Yeah, re-bidding that has happened, we have participated. Results are yet to be announced. There are 10 participants in that, and we are awaiting results. Maybe this one to the next one.

Ashish Shah
Senior Equity Research Analyst, Elara Capital

Okay. Last question would be, is there any international bid pipeline that we are looking at, or if you are planning to move on to any other countries or something like this?

Paresh Mehta
CFO, Ashoka Buildcon

We are focusing on the countries where we are working. Presently, Bangladesh and Myanmar may give us some more opportunity. We are not exploring new countries at this stage.

Ashish Shah
Senior Equity Research Analyst, Elara Capital

Okay. Thank you. That's all from my side.

Operator

Thank you. Ladies and gentlemen, this was the last question of our question and answer session. I would now like to close the conference over to Mr. Satish for his closing comments. Thank you.

Paresh Mehta
CFO, Ashoka Buildcon

Thank you everyone for participating.

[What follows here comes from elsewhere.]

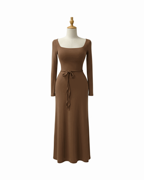 スクエアネック長袖ロングスリムリボンカラーワンピース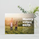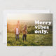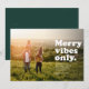 Envie alegria retrógrada divertida com este cartão com fotos que apresenta uma peça sobre "apenas boas vibrações" com "apenas vibrações felizes" mais festivas. O texto branco fica à direita de uma foto horizontal solteiro com bastante espaço para texto e nomes personalizados. A parte de trás é uma engraçada e festiva selva verde-da-selva com uma textura angustiada. A cor pode ser atualizada clicando em "personalizar mais".

We are thankful to all the participants for their questions. I hope we have been able to answer most of your queries. We look forward to we look forward for your participation in the coming quarters. For any further queries, you can always contact our SGA or our CFO. Thank you.

Operator

Thank you. On behalf of IIFL Securities Limited, this concludes this conference. Thank you for joining us, and you may now disconnect your lines.